AFAIK arbeiten heutzutage viele mit Tabellen, DIVs, Layern und allem, was dazu gehört.


----------



## TribunM (30. Mai 2004)

jo hatte ich mir gedacht. Also wird die Seite immer komplett neu geladen ?
Also auch die Navi als Beispiel, da die ja meistens immer dle gleiche bleibt ?


----------



## Happy Nihilist (30. Mai 2004)

Schaut man sich die aktuelle XHTML-Version an, so sind Frames eine Technik von gestern.


----------



## danielneunundsiebzig (30. Mai 2004)

Also wenn man mal eben mit wenig Zeitaufwand eine kleinere (z.B. private & rein informative) Seite basteln will finde ich Frames nach wie vor praktisch, weil die wenig Aufwand erforden und übersichtlich sind.
Bzw. gibts denn dazu in reinem HTML überhaupt eine Alternative?


----------



## fluessig (30. Mai 2004)

> Bzw. gibts denn dazu in reinem HTML überhaupt eine Alternative?


Stimmt, das ist die einzige Frage die wichtig ist. Welche Möglichkeiten hat man.
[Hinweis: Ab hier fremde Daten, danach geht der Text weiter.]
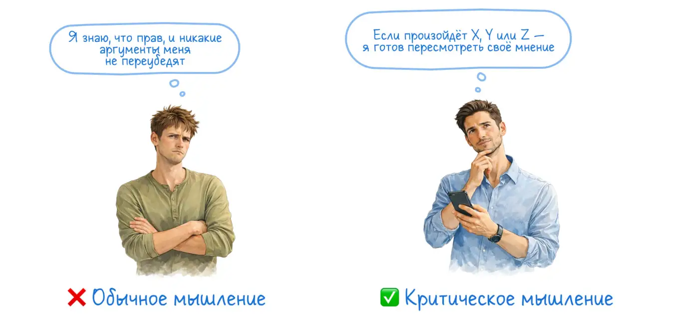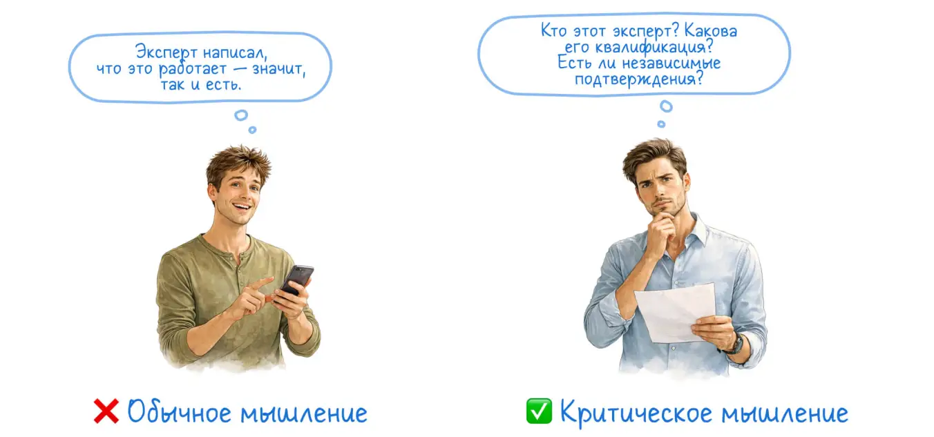 Критическое мышление защищает нас от дорогостоящих ошибок в самых разных областях. Оно спасает кошелек от финансовых пирамид и импульсивных покупок, здоровье — от шарлатанов, а разум — от дезинформации и ложных убеждений.

Es gibt immer noch gute Gründe für Frames, insbesondere iframes denke ich sind immer wieder günstig (zB wenn man php und jsp mischen möchte usw).


----------



## fluessig (30. Mai 2004)

Aufgrund eines Verbindungsfehlers entstand hier leider ein Doppelposting.


----------



## tydu (30. Mai 2004)

hi,

denke, dass man sich auf öffentlichen Webseiten langsamn von Frames enfernen sollte.

Anders sehe ich das bei der Verwaltung dieser Seiten.
Bei CMS Systemen können sich Frames und IFrames als praktisch erweisen.

ciao tydu


----------